ACTIVITY |
Print the lines of the entries below from the one with "Púðursykur, hveiti, haframjöl" through the final line, exactly as they appear. The pictures are not part of the copy.

Stored items from a collection:
#####

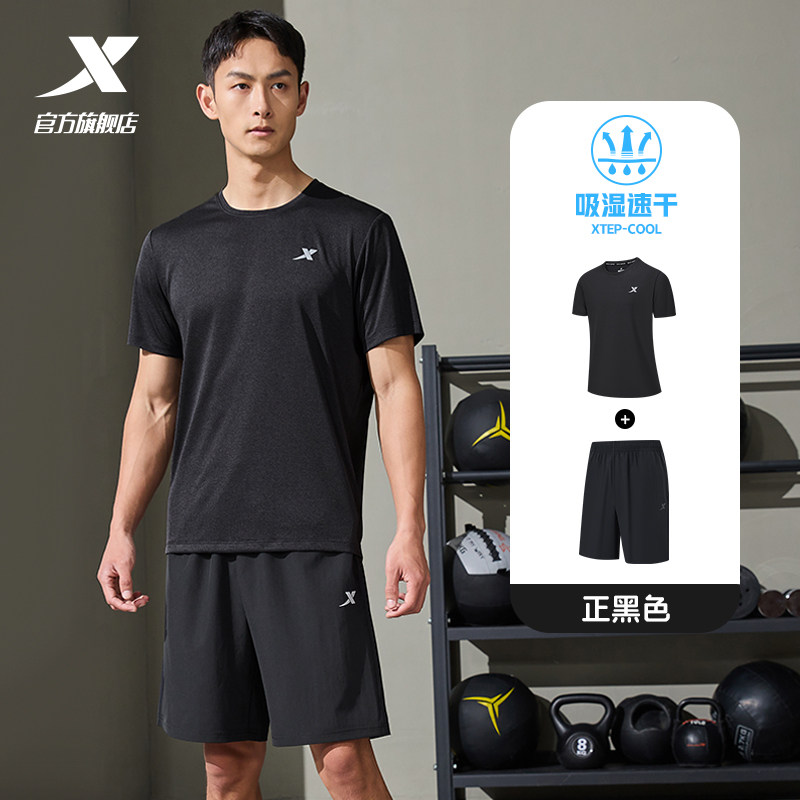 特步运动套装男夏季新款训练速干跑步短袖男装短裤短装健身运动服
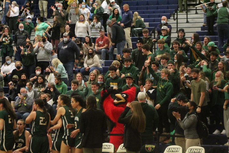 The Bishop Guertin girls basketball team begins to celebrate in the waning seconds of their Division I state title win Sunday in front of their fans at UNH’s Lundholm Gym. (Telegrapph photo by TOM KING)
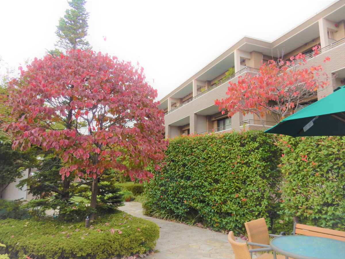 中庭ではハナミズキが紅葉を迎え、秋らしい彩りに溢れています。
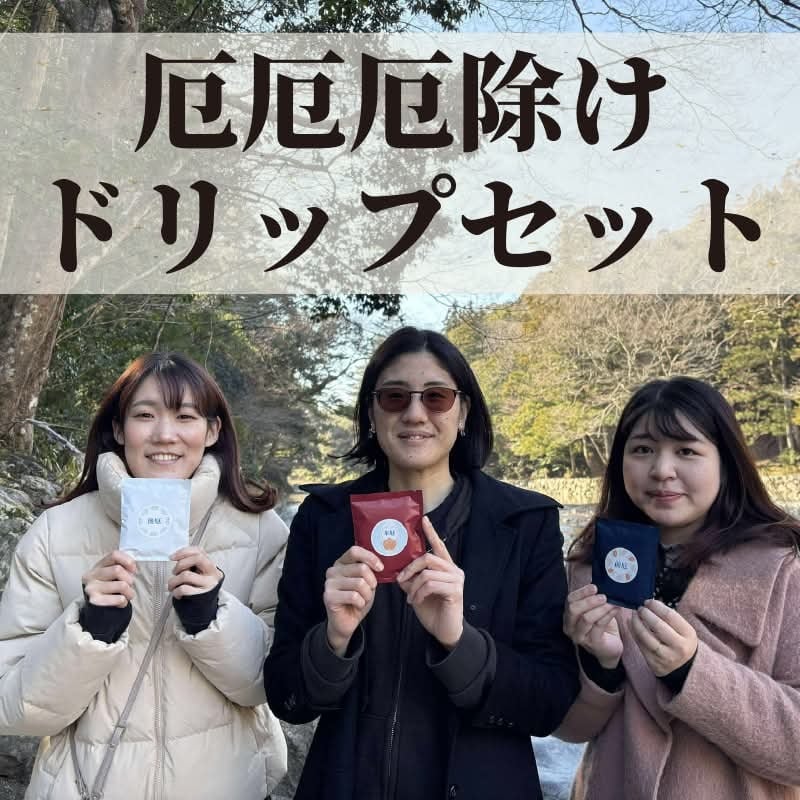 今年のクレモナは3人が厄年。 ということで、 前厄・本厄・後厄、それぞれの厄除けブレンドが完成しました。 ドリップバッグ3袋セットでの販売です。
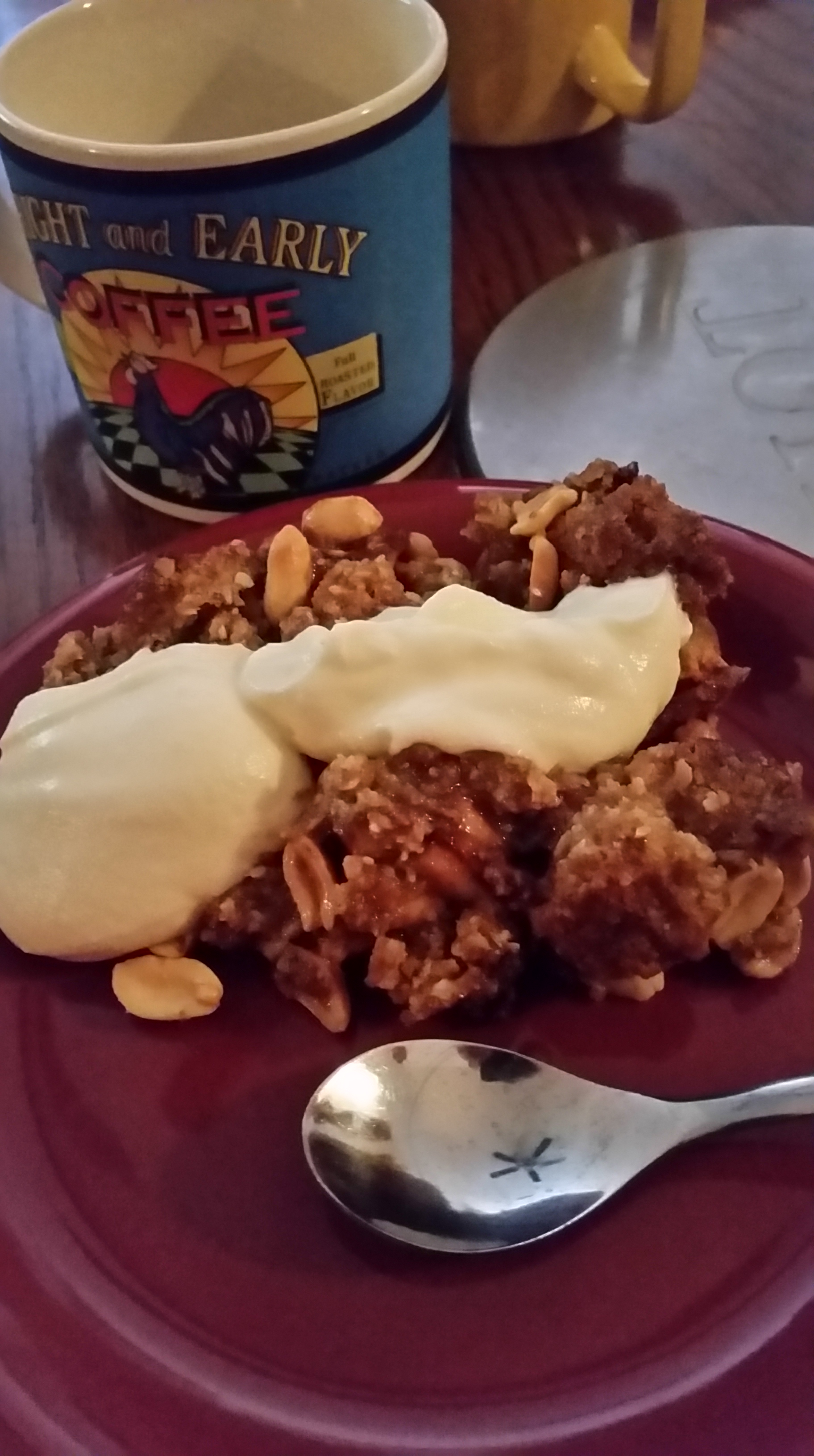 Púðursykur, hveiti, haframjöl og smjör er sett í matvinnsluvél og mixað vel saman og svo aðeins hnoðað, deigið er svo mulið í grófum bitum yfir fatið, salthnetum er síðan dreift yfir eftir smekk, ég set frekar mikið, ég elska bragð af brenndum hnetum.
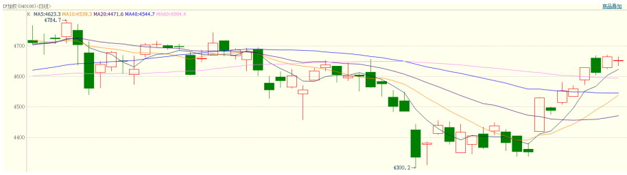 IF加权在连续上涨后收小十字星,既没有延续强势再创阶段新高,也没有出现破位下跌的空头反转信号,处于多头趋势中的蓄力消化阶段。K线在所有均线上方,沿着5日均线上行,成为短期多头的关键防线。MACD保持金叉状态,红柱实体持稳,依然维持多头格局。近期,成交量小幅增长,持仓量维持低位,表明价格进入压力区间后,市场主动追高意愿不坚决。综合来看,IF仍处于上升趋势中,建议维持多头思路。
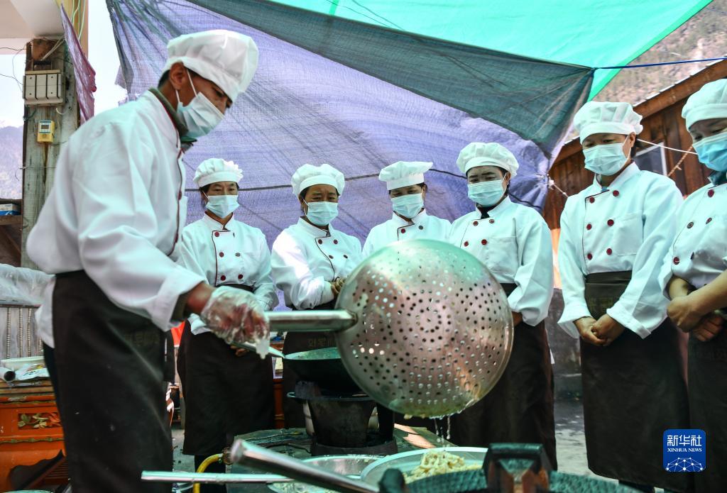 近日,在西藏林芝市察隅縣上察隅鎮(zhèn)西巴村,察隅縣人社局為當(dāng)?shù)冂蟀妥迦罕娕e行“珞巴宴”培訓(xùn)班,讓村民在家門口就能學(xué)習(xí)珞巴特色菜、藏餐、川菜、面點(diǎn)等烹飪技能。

#####

EXPECTED ANSWER |
 Púðursykur, hveiti, haframjöl og smjör er sett í matvinnsluvél og mixað vel saman og svo aðeins hnoðað, deigið er svo mulið í grófum bitum yfir fatið, salthnetum er síðan dreift yfir eftir smekk, ég set frekar mikið, ég elska bragð af brenndum hnetum.
 IF加权在连续上涨后收小十字星,既没有延续强势再创阶段新高,也没有出现破位下跌的空头反转信号,处于多头趋势中的蓄力消化阶段。K线在所有均线上方,沿着5日均线上行,成为短期多头的关键防线。MACD保持金叉状态,红柱实体持稳,依然维持多头格局。近期,成交量小幅增长,持仓量维持低位,表明价格进入压力区间后,市场主动追高意愿不坚决。综合来看,IF仍处于上升趋势中,建议维持多头思路。
 近日,在西藏林芝市察隅縣上察隅鎮(zhèn)西巴村,察隅縣人社局為當(dāng)?shù)冂蟀妥迦罕娕e行“珞巴宴”培訓(xùn)班,讓村民在家門口就能學(xué)習(xí)珞巴特色菜、藏餐、川菜、面點(diǎn)等烹飪技能。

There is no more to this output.